- League: The Basketball League 2022-present
- Founded: 2022
- History: Wichita SkyKings 2022-2024 Western Oklahoma Skykings 2025 Muskogee Sky Kings 2026-present
- Arena: Muskogee High School
- Location: Muskogee, Oklahoma
- Team colors: Purple, gold, black
- Ownership: OnPoint Operations Group, LLC

= Western Oklahoma SkyKings =

Professional Basketball Team

The Western Oklahoma SkyKings are an American professional basketball team from El Reno, Oklahoma that plays in the Central Conference of The Basketball League (TBL).

== History ==
In November 2022, TBL's CEO, Evelyn Magley, announced that the Wichita Sky Kings will be playing in the Central Conference for the upcoming 2023 season.

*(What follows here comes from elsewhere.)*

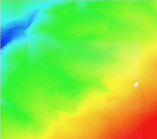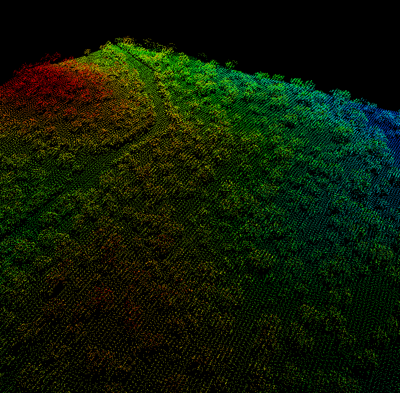 Nubes de puntos de cobertura LiDAR. Ejemplo de visualización por rangos de altura de los puntos:

The team is owned by Lebanese-American businessman Ben Hamd. Hamd is the founder of Brookwood Capital Advisors, a real estate investment company that redevelops properties across the U.S., including Wichita, Kansas. According to Hamd, the team's name is a nod to Wichita's aviation history as birthplace of Cessna Aircraft Company, now owned by Textron. The name "Sky Kings" derives from 1950's radio-turned TV show Sky King about a Cessna aircraft pilot of the same name.

Sean Flynn was named as head coach for the Sky Kings' debut season. Flynn was head coach for the Pratt Community College Beavers from 2018 to 2021 where he held a 44 and 40 record. Flynn's assistant coach is former New Mexico State manager César Luján Flores.

Brian Baumgartner, American actor known for playing Kevin Malone in the NBC sitcom The Office, attended the Sky Kings' opening week.

In 2025 the team relocated to Altus, Oklahoma and was renamed the Western Oklahoma SkyKings.

== Wichita SkyKings History ==
According to head coach Sean Flynn, the Sky Kings' roster is composed of players from Division I and Division II schools. Notable acquisitions include Teddy Allen, Charlie Marquardt, and Justin Moss.

Teddy Allen formerly played for the New Mexico State Aggies, where he ranked 29th nationally in scoring and led the Aggies to an NCAA tournament win after scoring 37 points against Connecticut. During 2022 alone, Allen was recognized as WAC Player of the Year, WAC Tournament Most Valuable Player, and WAC Newcomer of the Year.

From 2018 to 2019, Charlie Marquardt played for G-League NBA team the Brooklyn Nets. Marquardt went on to win the 2021 TBL championship with the Enid Outlaws and played for the Syracuse Stallions in 2022.

Justin Moss formerly played for Blue Collar U, the winning team of The Basketball Tournament 2022 and a $2 million purse.

== Home Arena ==
The Sky King's home arena is Western Oklahoma State College.

== Season ==
The Sky's Kings' season lasts from March through June. The leagues' season ends with a championship tournament between finalists among all four TBL conferences.